Identity-Verified Actions With JWT

How identity-verified actions work: a JWT signed by your site proves who the visitor is before the chatbot touches their order, booking, or account.

Identity-Verified Actions With JWT

A visitor opens the chat and types "cancel my subscription." The bot could answer a generic question about how cancellation works. But this person is asking it to do something to their account, and the bot has no idea who they are. Should it go ahead? Of course not. That single gap, acting on a customer-specific request without proving who is asking, is where most "agentic" chatbots quietly get dangerous.

Identity-verified actions close that gap. Before the assistant reads an order, reschedules a booking, or changes a plan, it requires proof that the visitor is the account holder. That proof is a short, signed token your website hands to the widget. No proof, no customer-specific action. We treat this as a hard wall, not a nice-to-have, because the alternative is letting a stranger read someone else's data by typing the right sentence.

Open answers vs identity-gated actionsGeneralquestionAnswer fromknowledge baseMy order /my bookingVerifyidentityPersonalaction

What "identity-verified" actually means here

There are two very different kinds of requests a support assistant handles. The first is informational and applies to everyone: "what is your return window?", "do you ship to Canada?", "how do refunds work?". Those answers come from your knowledge base and need no identity at all. The bot grounds the reply in your real content and declines when the question falls outside it.

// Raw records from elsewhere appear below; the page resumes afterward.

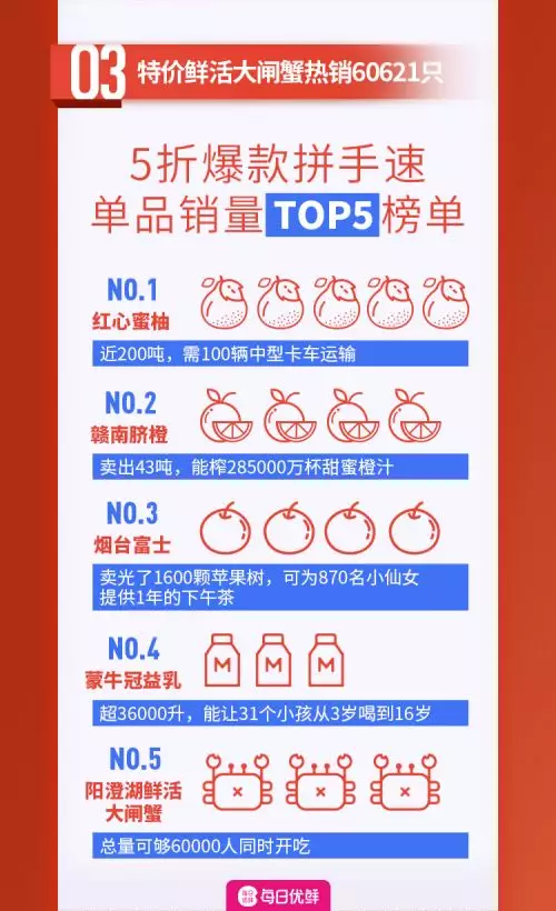今年十月份一經(jīng)推出,即受到消費者熱捧。雙十一期間,這種態(tài)勢更加高漲,從單品銷量來看,煙臺富士、贛南臍橙、紅心柚子、陽橙湖大閘蟹等商品全網(wǎng)銷量位列前茅。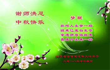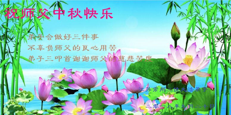 我修炼大法二十一年了,感恩师父的慈悲苦度,感恩法轮大法,要不负师恩,唯有勇猛精進再精進,赶上去,多学法,多救人,做好三件事,告诉所有的有缘人记住法轮大法好,师父是来救人的。愿师父少一份操劳,多一份欣慰。 江苏省常州地区一学法小组全体大法弟子恭祝师父中秋节快乐!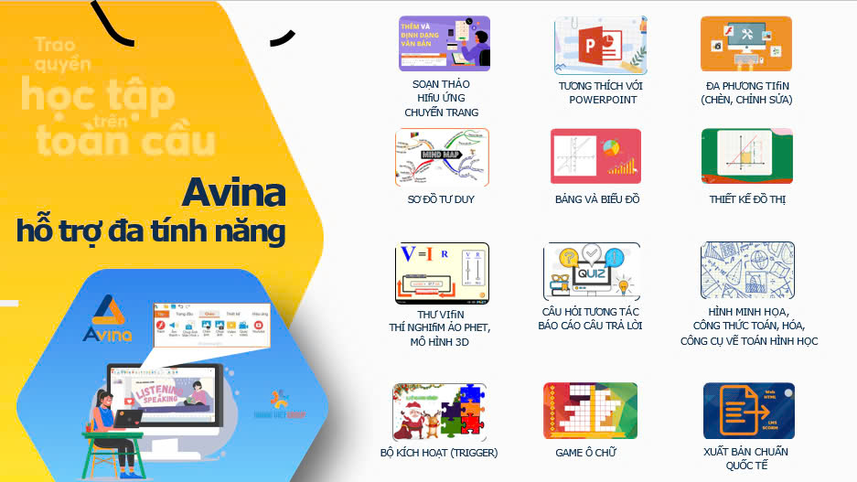 Chức năng đa phương tiện trong Avina Authoring Tool giúp bài giảng trở nên sinh động và lôi cuốn hơn bao giờ hết. Việc tích hợp âm thanh, hình ảnh, video vào bài giảng sẽ mang lại trải nghiệm học tập đầy ấn tượng cho người học.
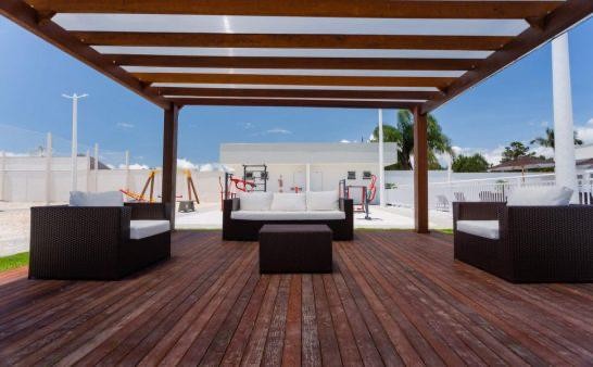 O condominio oferece 03 areas de festas, 02 quadras de areia, 01 campo de futebol,

The second kind is personal: "where is my order?", "move my appointment to Friday", "pause my subscription." These touch one specific customer's records. A generic answer is useless here, and a wrong answer is worse than useless, because it might expose data that belongs to someone else. So the line we draw is simple. Anything that reads or changes a single customer's data sits behind an identity check, while everything else stays open. We call these identity-gated actions: the gate is the identity, and the gate decides whether the assistant acts.

"Identity-verified" means the assistant has a trustworthy answer to one question before it acts: who is this visitor, and did a system I trust vouch for them? Not the visitor's word for it. Not an email they typed into the chat. A token, signed by your own backend, that the assistant can verify and cannot be faked.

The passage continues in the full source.